What if I told you there’s a TV show where the screenwriter of Borat is abused weekly while wearing a stained puce t-shirt, where BAFTA-winning Alistair McGowan pins down a man and repeatedly licks his face, where twenty-something-year-old Richard Herring swooned over magazine cutouts of Julia Sawalha several years before he was her boyfriend, and where the hosts were frightened while presenting after receiving bomb threats from Islamic fundamentalists? Hello, Fist of Fun season 1 DVD set!

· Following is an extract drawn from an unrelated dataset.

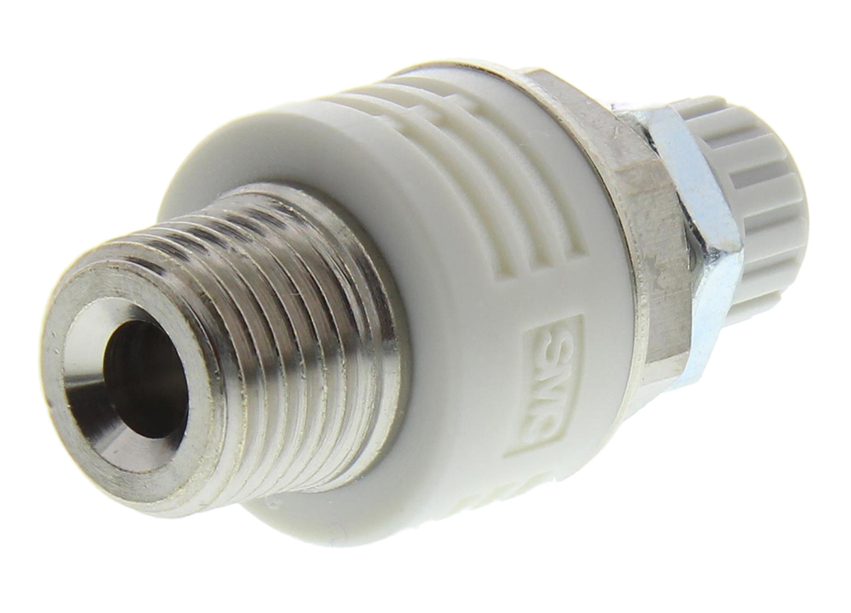 This is ASN2 Brass 1.5Mpa Exhaust Restrictor Threaded R 1/8 Male manufactured by SMC. The manufacturer part number is ASN2-01. It has a maximum operating temperature of +60°c. The product is made from highly stable and reliable brass. Whereas, the minimum operating temperature of the product is -5°c. It comes in silencer configuration.

In 1995, comedy writing duo Stewart Lee and Richard Herring created this bizarre sketch show that was both of its era and eerily revolutionary. Each episode began in front of a live studio audience (an audience which was largely spill-over of whoever couldn’t get into see other BBC tapings that day) where Lee and Herring popped out of crates, having just been delivered from storage, where they spent the week. Sometimes they were delivered to the wrong set or the wrong crates were delivered to theirs. (One time, Ant & Dec were delivered!) Herring played the happy-go-lucky funny one in obnoxiously loud shirts, while Lee played the straight man in a waistcoat, not unlike David Baddiel and Rob Newman. The two bantered on a stage designed to look like the basement of the BBC before they introduced a pre-recorded sketch that often included actors like Rebecca Front, Kevin Eldon, Ben Moor, or Al Murray. Ahead of the internet, but not unllike many 90s TV shows, they solicited letters from viewers, which resulted in a regular feature called The Gallery, where they’d show off some of their favorite items sent to them in the post. These days, Richard Herring is still ahead of the curve, connecting with fans on social media, podcasting, and Kickstarter, whereas Stewart Lee has gone in the other direction, avoiding all social media platforms and criticizing his fans for downloading his material illegally.
Content-wise, Lee and Herring were given more freedom than is customary, largely because, despite viewing figures of two and a half million, no one at the studio really cared about the show, and it’s possible not every episode was screened. They got away with saying “twat” more times than allowed, among other things, like a story where Lee criticizes Jesus for dressing up as sick people to trick him. (They did have to cut out the shot where Lee slaps Jesus across the face.) For this, Islamic fundamentalists sent a threat to blow up the BBC. If you watch episode three, you’ll see Herring is a little on edge.
Peter Baynham appears in each episode as Pete, the most unhygienic man alive. Although repulsive, Pete gets sympathy from his audience, largely because of the abuse he suffers from Lee and Herring who are always insulting him, throwing stuff at him, and allowing the stage hands to smash up his home. It’s shocking to realize that this is the man who went on to co-write Borat and is one of the most sought after script punch-uppers in Hollywood.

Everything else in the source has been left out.